Geopolitical risk and seasonal change points pushing markets, notes Jeff Greenblatt.

Last week we talked about a key reading in the gold market on a weekly chart. Our Kairos methodology identified the gold breakout. In fact, it identified at least three major trading turns in the past six weeks, not to mention all the little intraday turns. We’ve discussed them, gold went higher, heating oil went lower; which allowed us to leverage the equity drop in late May because we knew the key energy sector would drop. Then Kairos identified the breakout on the oil chart before prices accelerated to the upside after Iran shot down one of our drones. Want to call it luck? When you are good, you tend to lucky.

By the way this is the exact same methodology I taught in my master class at the recent New York Traders Expo. Kairos did it again last week with the KBW Bank Index (BKX) and once again it’s better to be good than lucky because Kairos lined up before a US-China truce was announced. I digress so let’s talk about gold.

Gold Bugs

As it turned out the reading, we talked about on the weekly chart repelled the action in precious metals on some bad luck for gold bugs (see chart above). I spend so much time talking geopolitical and domestic risk, because I believe we are in a similar environment to the late 1930s. You study the charts; those events also drove the bus all the way up to the final high in September 1939 when WWII started. So, the apparent good news on the tariff truce was bad news for gold. But the calculation came first. Gold gapped down but is trying to hang on. The long-term view of gold? With all the smaller Kairos readings along the way, if they can somehow emerge out of this 87 vibration at 187 weeks after a bear range of 874, odds go way up for a major bull move. It’s not like there hasn’t been a bull move to this point.
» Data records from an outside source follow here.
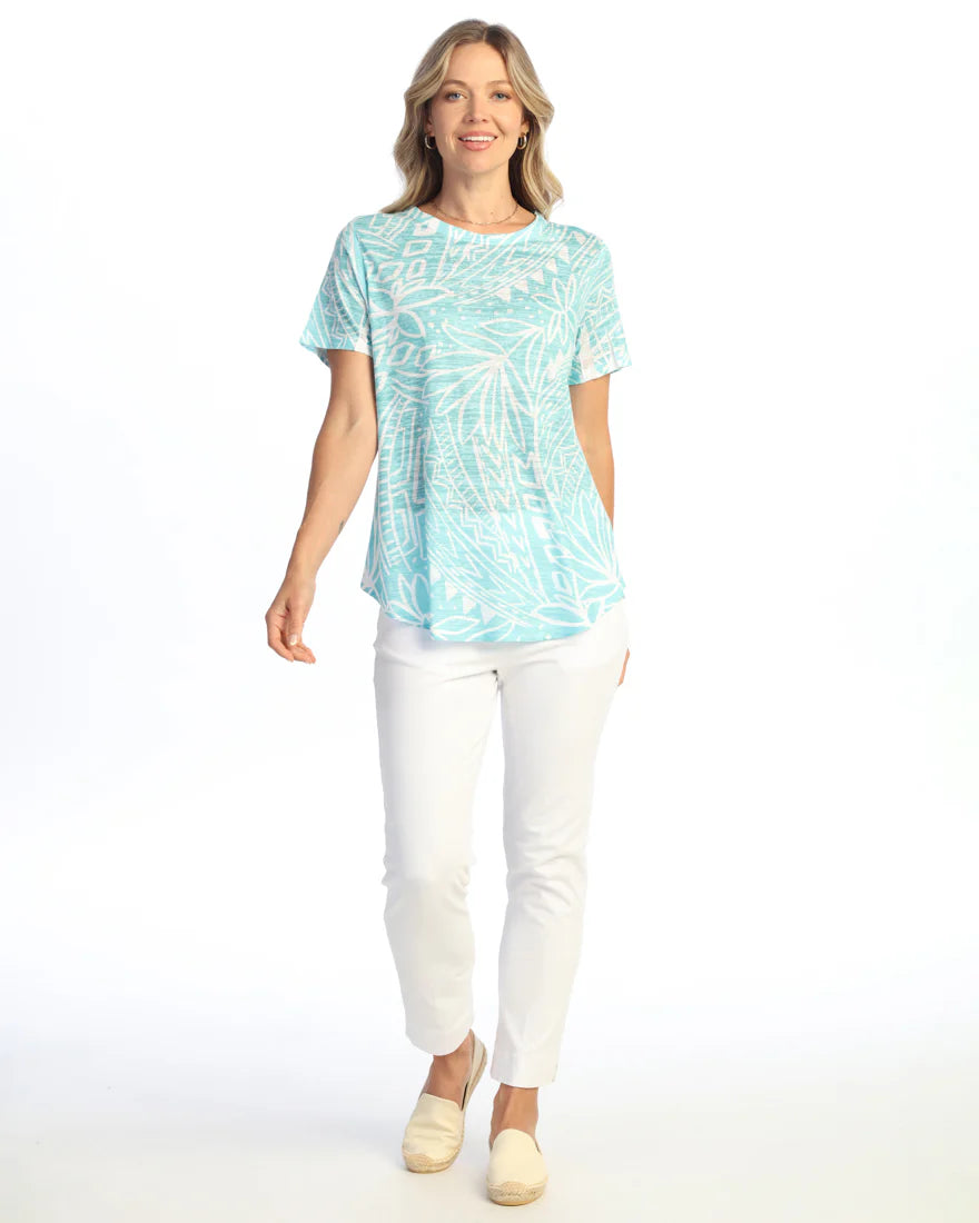 BURNOUT SHORT-SLEEVE ROUND-HEM TOP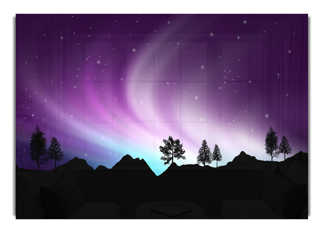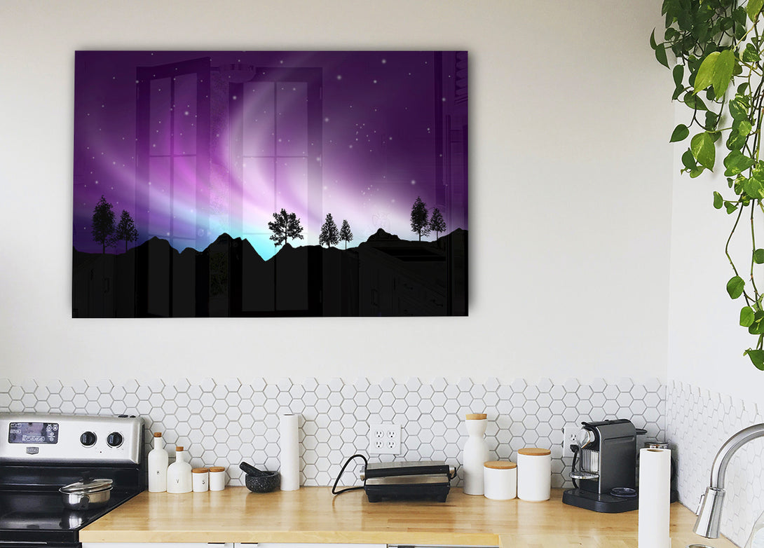 Northern Light Treeline acrylic print, UV printed onto 5mm thick acrylic glass. Comes with everything you need to hang on your wall.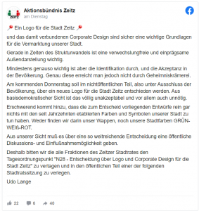Wer wollte denn an Zufall glauben, wenn am Tag vor der Sitzung, in der das Corporate Design beschlossen wird ein Facebookpost auftaucht, der das Verfahren der Entwicklung eines Corporate Design für Zeitz als „Geheimniskrämerei“ verteufelt und Sebastian Nicolai am darauffolgenden Tag mit einem Änderungsantrag aufläuft mit dem Ziel, Beratung und Beschluss zum Corporate Design von der Tagesordnung zu nehmen? Die Beratungen des Corporate Design fanden im nichtöffentlichen Teil der Sitzungen statt und es sollte am 8.10. auch im Stadtrat abschließend so beraten und beschlossen werden. Beratungsfolge und das Verfahren sind seit Monaten bekannt (rechte Spalte).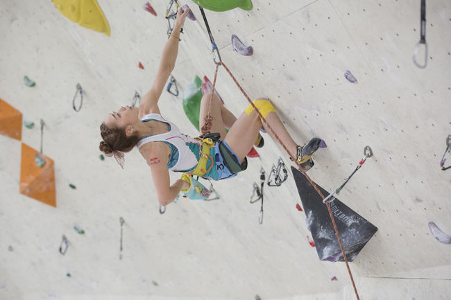 김자인은 13일(이하 한국시간) 스페인 히혼 팔라시오 데 데포르테스 체육관에서 열린 국제스포츠클라이밍연맹(IFSC) 세계선수권대회 리드(난이도) 부문에서 아낙 베르호벤(18, 벨기에)과 함께 공동 1위로 결승에 진출했다.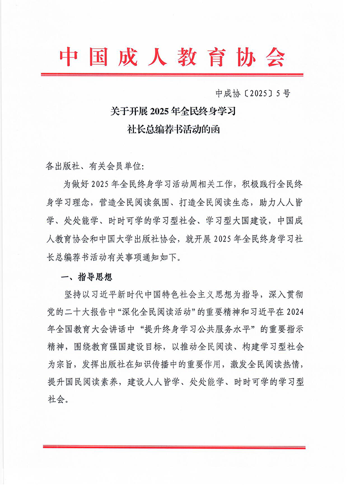 关于开展2025年全民终身学习社长总编荐书活动的函 - 通知公告 - 中国高校教材图书网
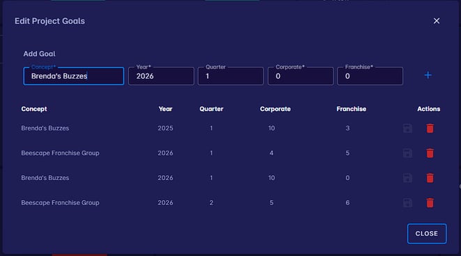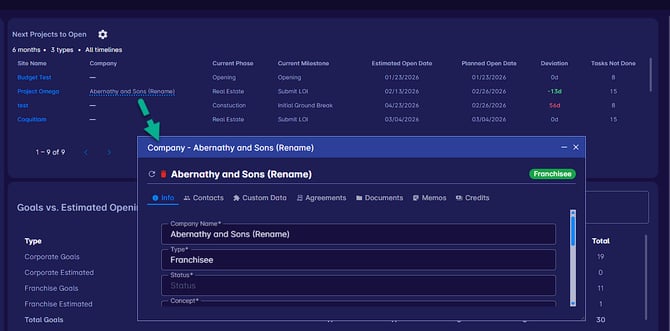 These goals are automatically compared against estimated opening dates, allowing you to see how projected timelines align with organizational targets.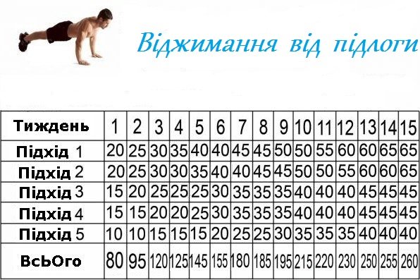 | Більше повторень | Цього тижня 20 віджимань, наступного — 30. |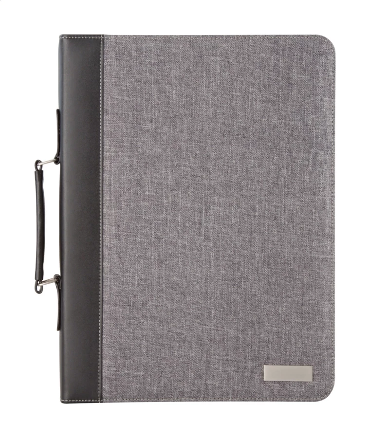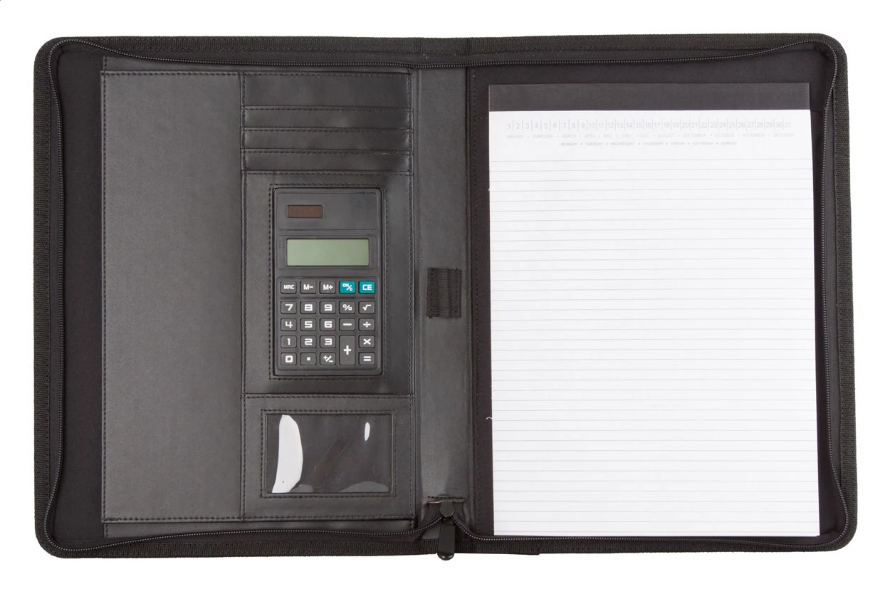Zapinana teczka na dokumenty z rączką, A4, pokryta tkaniną lnianą i skórą PU. Zawiera notatnik z 20 kartkami w linie, kalkulator na baterie słoneczne i metalową blaszkę.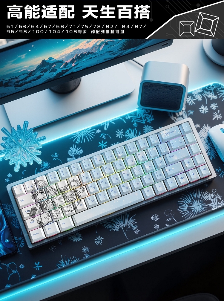 【二次元風格】雪乃日文 cherry高度 五面熱昇華 135鍵 PBT鍵帽
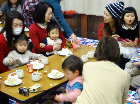 最後はみんなで記念写真を撮り、生ケーキを食べ、今年も楽しいクリスマスパーティとなりました。
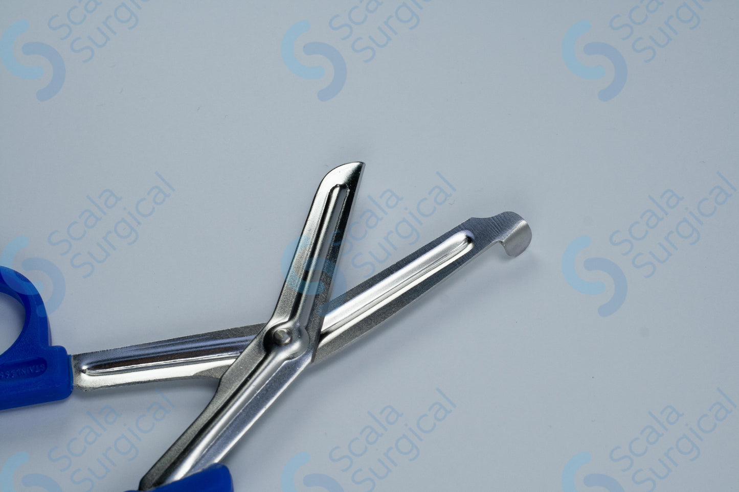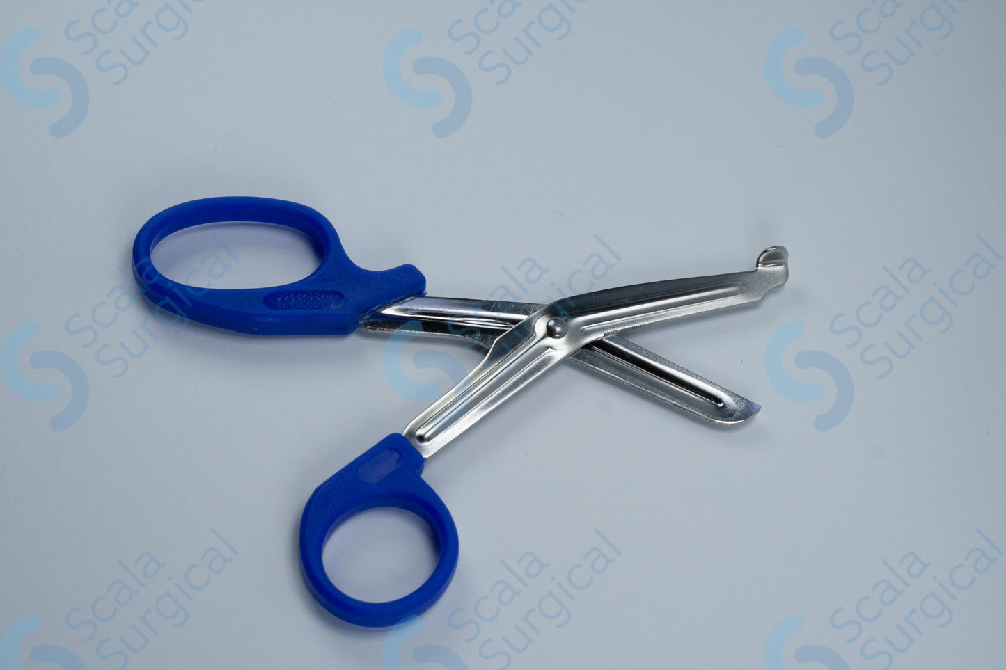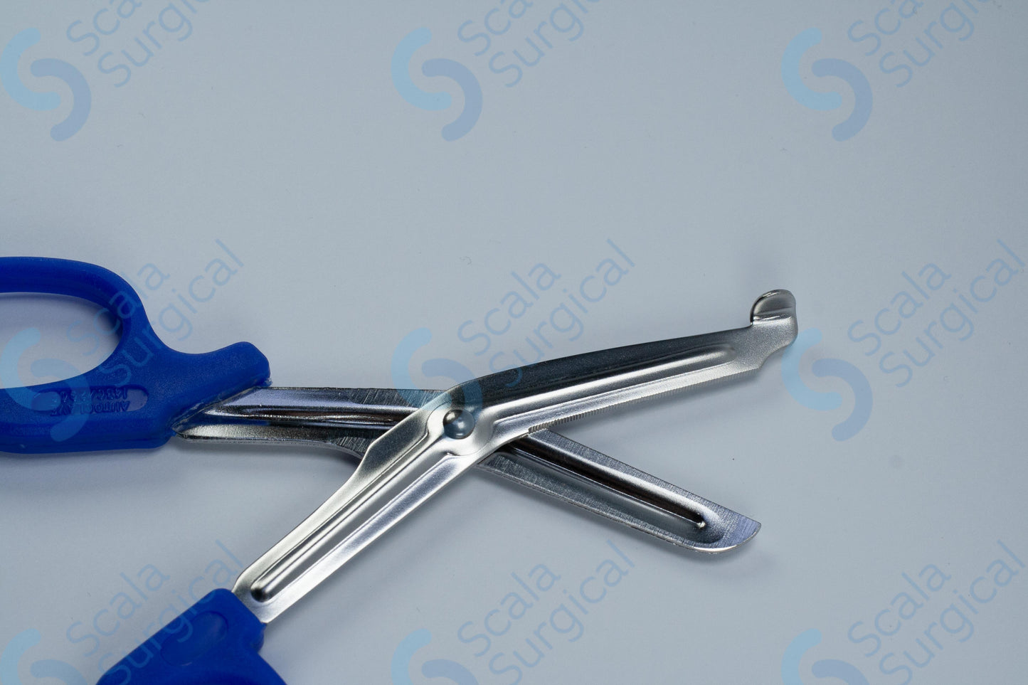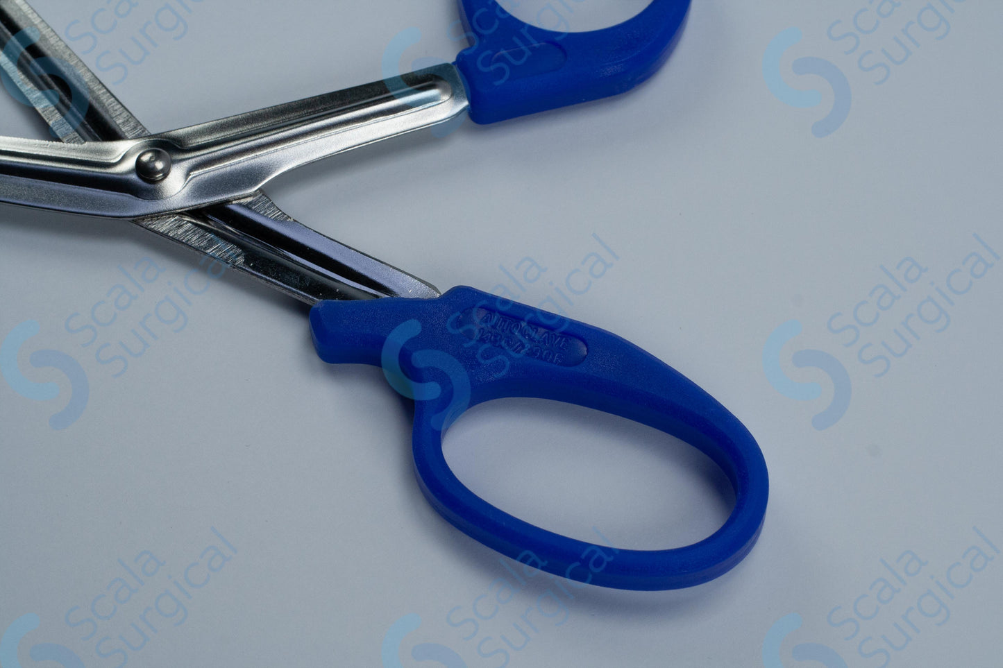 Universal Tough Cut Scissors Blue Plastic Handle with Plastic Probe Angled to Side 5.5inch (139.7mm)

People forget the low in gold on the long-term chart was back in November 2015. But all we remember are the major fails and there have been two of them before the recent thrust higher.  Hypothetically, the vibration you see on the chart is right there to end this phase. So, if they survive, this is the sequence we’ll likely to remember that propelled it. But precious metals are attracted to bad news. What could possibly happen that would create that type of environment.

Stocks

You’ll remember back in March I warned the market could turn back up after the seasonal change point. Poker players call it outs. Simply put, that means how many chances a player must pull his hand. With a seasonal/cycle high the market had one out to turn back up. As we know it elected to hold the 61-day vibration off the bottom and has stayed higher for the most part. But it’s not much higher now due to an interesting drop in May partially due to the turn in the oil market (see chart).

61 Inversion

Here we are with the seasonal change point again. Markets come off the high. One cycle point out left. That was the 127-day point off the bottom on June 27 which would be another inversion of the cycle. Golden spiral enthusiasts know how important 1.27 is because it is the square root of 1.618. Normally, I don’t give too much weight to the 127-day window but in this instance, it hit on the 27th day of the month. Since I specialize in vibrations, I know it’s a good probability that day was going to be important. It was.

Additionally, there was another Kairos reading for the low turn in the BKX. Right now, we have a mixed bag. Markets broke out on Monday with the US-China sentiment. But it was a day that disappointed nearly everyone. With the Dow up over 200, it gave back most of the gains as at one point it was only up around 20. The bulls were frustrated. Then in the last hour it was up again over 100. The bears became frustrated as well. But there were numerous dojis which are not sell signals, rather warning signs. Lots of names were worse for wear by the end of the day. What that likely means is a market that could stay elevated into July but the advance-decline line could start to deteriorate.

The moral to this story? Pay close attention to the BKX and precious metals.